Hello,
(Sorry, this post is kind of a mind dump, there is no precise question, just my
thoughts. I just hope it will resonate with some people here. Edit: yeah, it’s huge!)
I would like to discuss a pattern that I have found myself using quite often,
but that does not feel quite right.
From a distant point of view the pattern is to lookup for a registered process
before delivering a message, and starting the process if it was not found. Then
deliver the message.
First, let’s see the reasons why I do this, and why the pattern does not fit
very well.
Imagine we are implementing a gaming service like Board Game
Arena. There are lots of games to play and lots
of users. A game party is called a “table” (at least in the french version that
I use), meaning the actual piece of furniture where you can play board games in
real life. Note that this duscussion is not intended to focus on gaming, there
are different use cases where the pattern could apply.
If I am not mistaking, their implementation is PHP/MySQL, meaning that each
player action leads to an execution of the PHP script and the game state is
persisted in MySQL and concurrency is handled with transactions. Imagine now
that we have so many game tables that the database is overloaded.
In Elixir there is a simple solution for that: spin up a process that will
receive the players actions and keep the game state, and have that process
persist the state regularly. Saving less often will let the database catch up.

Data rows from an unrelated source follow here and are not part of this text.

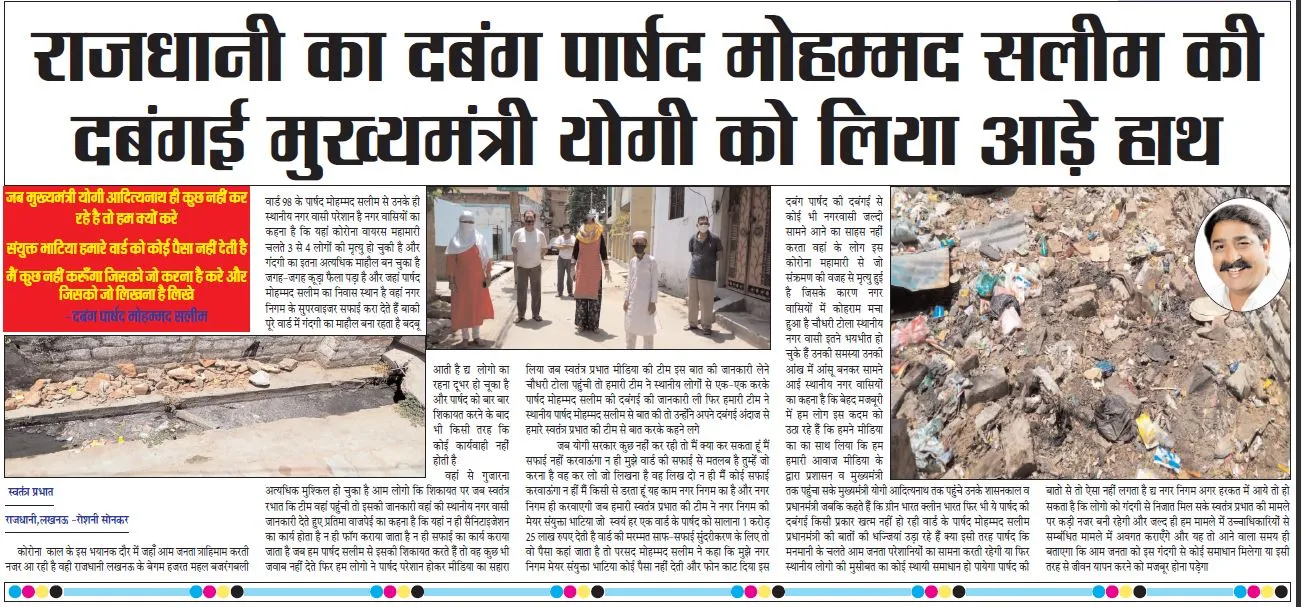 जब योगी सरकार कुछ नहीं कर रही तो मैं क्या कर सकता हूं मैं सफाई नहीं करवाऊंगा न ही मुझे वार्ड की सफाई से मतलब है तुम्हें जो करना है वह कर लो जो लिखना है वह लिख दो न ही मैं कोई सफाई करवाऊंगा न हीं मैं किसी से डरता हूं यह काम नगर निगम का है और नगर निगम ही करवाएगी जब हमारी स्वतंत्र प्रभात की टीम ने नगर निगम की मेयर संयुक्ता भाटिया जो स्वयं हर एक वार्ड के पार्षद को सालाना 1 करोड़ 25 लाख रुपए देती है वार्ड की मरम्मत साफ-सफाई सुंदरीकरण के लिए तो वो पैसा कहां जाता है तो परसद मोहम्मद सलीम ने कहा कि मुझे नगर निगम मेयर संयुक्ता भाटिया कोई पैसा नहीं देती और फोन काट दिया इस दबंग पार्षद की दबंगई से कोई भी नगरवासी जल्दी सामने आने का साहस नहीं करता
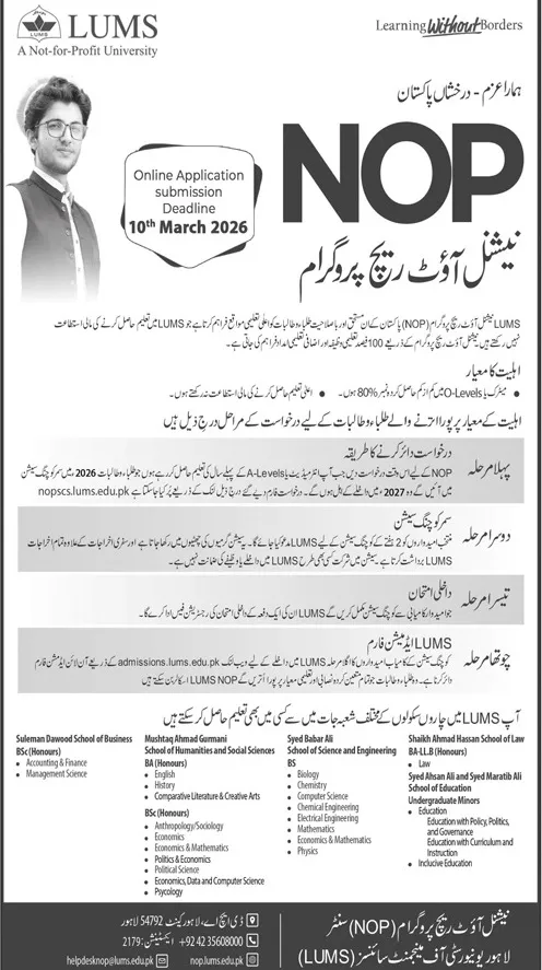 Last date to apply for Lahore University Of Management Sciences LUMS Lahore admission 2025 is 10 March, 2026
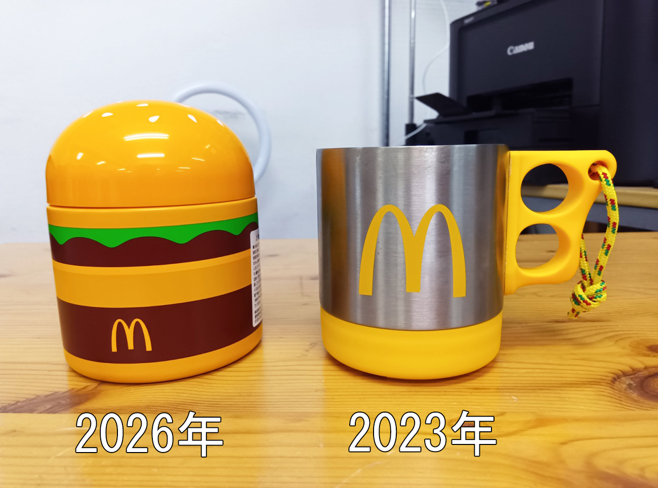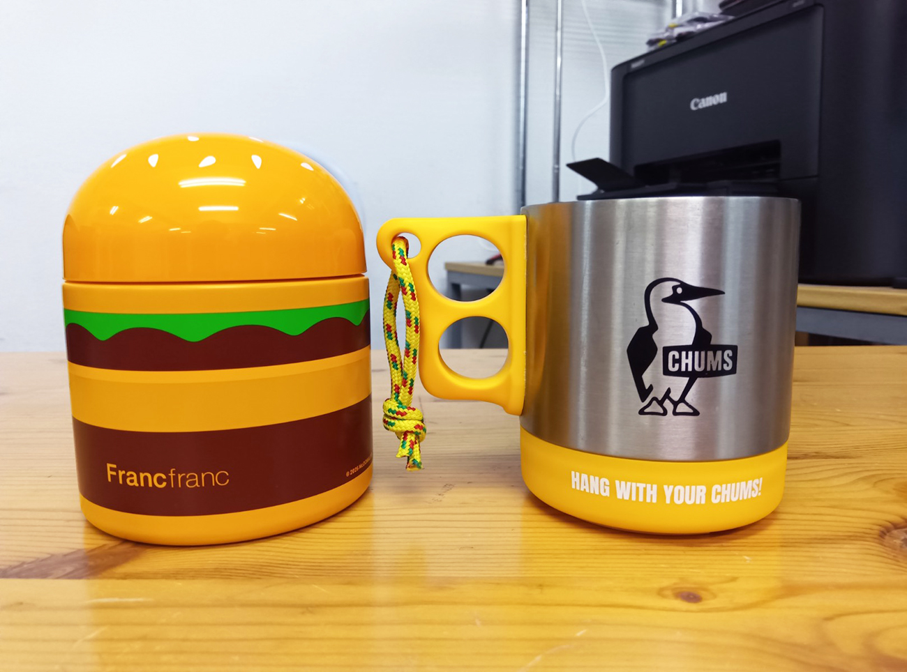 思い出したのは伝説の2023年CHUMSコラボ。なにせ、マグカップもミニショルダーバッグもいまだに普通に使ってる。そこで2023年のマグカップと2026年のスープジャーを並べてみたところ……
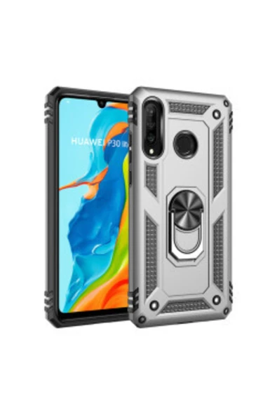 CEPCASE Huawei P30 Lite Kılıf Yüzüklü Standlı Mıknatıslı Zırhlı Panzr Koruma 9h Antishock Nano Cam
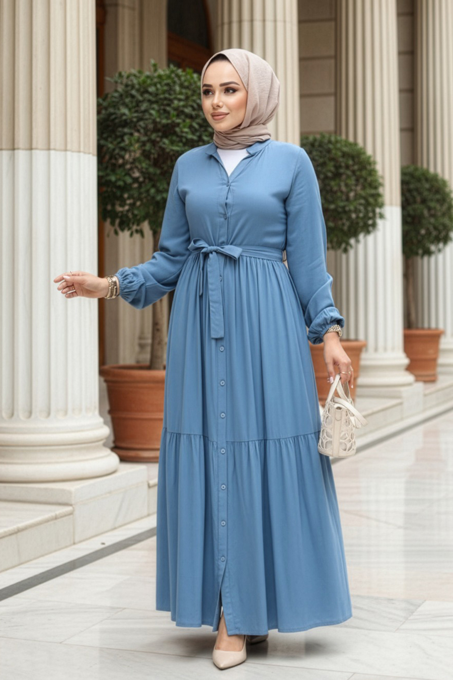 Kumaş Özelliği: Viskon kumaştan üretilmiştir. Ürün Özelliği: V yaka, uzun kollu, kol ucu lastikli, ön ortadan düğmeli, kat piliseli ve kendi kumaşından kemerlidir.
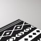 Aztec mixed motifs pattern in white detail on a black background monochrome design.
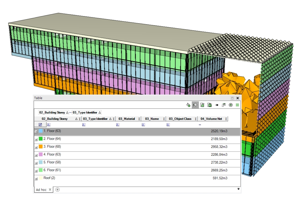Les données peuvent être sélectionnées et mises en évidence à partir de la 3D à travers toutes les palettes. Même colorisé. Ou vous pouvez accéder à un sous-ensemble de données en sélectionnant des objets de la 3D.
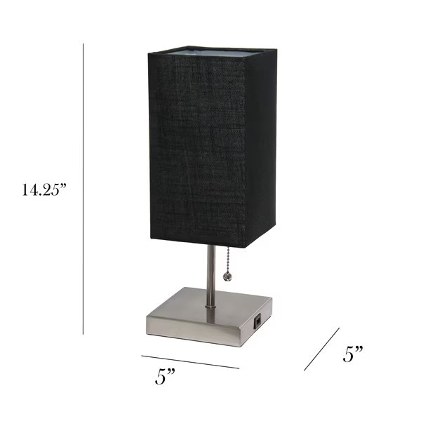 Simple yet fun, this fashionable table lamp features a brushed nickel base and a fabric shade. It comes equipped with a USB seated in the base for use to charge mobile phones, handheld games, tablets, and other small electronics. This lamp will add a fabulous flair to any room. Perfect for bedrooms, kids and teens, college dorms, nurseries, or fun offices!
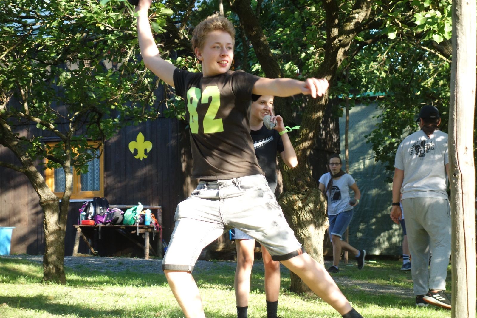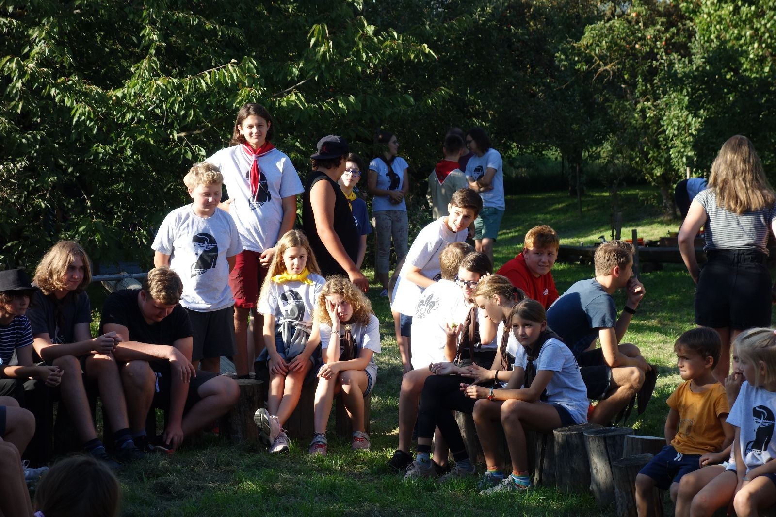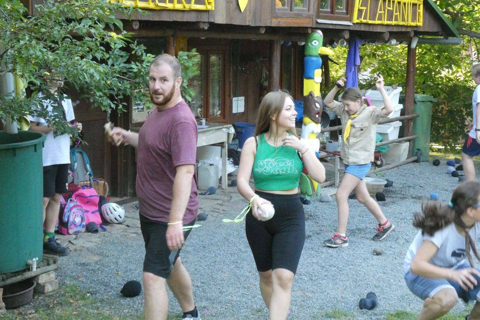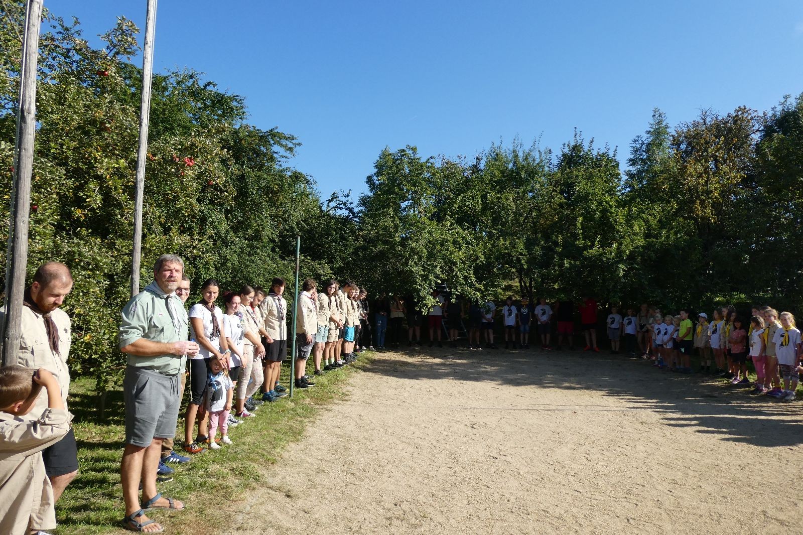 Po slavnostním nástupu v krojích nebo táborových tričkách a vyvěšení oddílové vlajky jsme se rozdělili na starší (Kudlanky, Sršni, Veverky, Vlci, Tygři) a mladší (Nováčci, Svišti, Tučňáci, Žraloci, Kobři, Sovičky), abychom si odděleně zahráli pár her na rozhýbání. Třeba molekuly 😊.

We can lose state if the game process crashes but for now let’s say that the
code is pretty stable and handles edge cases correctly.
Doing this allows to develop quickly as you don’t actually need any database in
the begining, or at least when developing, you can just remove the persistence
layer, tell the process to stay alive until the game party ends, and the games
still work. There was a good article about this from Chris McCord IIRC but I
could not find it (if someone has the link please post it below as it is
interesting).
The first problem is that with many users, all current game states cannot fit in
memory. We start our jurney by using a single, cheap server. So what we want to
do is to start the game process when there is a player action, and keep the
process around because some games will receive many players actions in a short
period of time. Then use a timeout to let the process terminate when no more
action is received for a couple seconds.
Now, how to do that? The pattern is a bit convoluted but conceptually simple.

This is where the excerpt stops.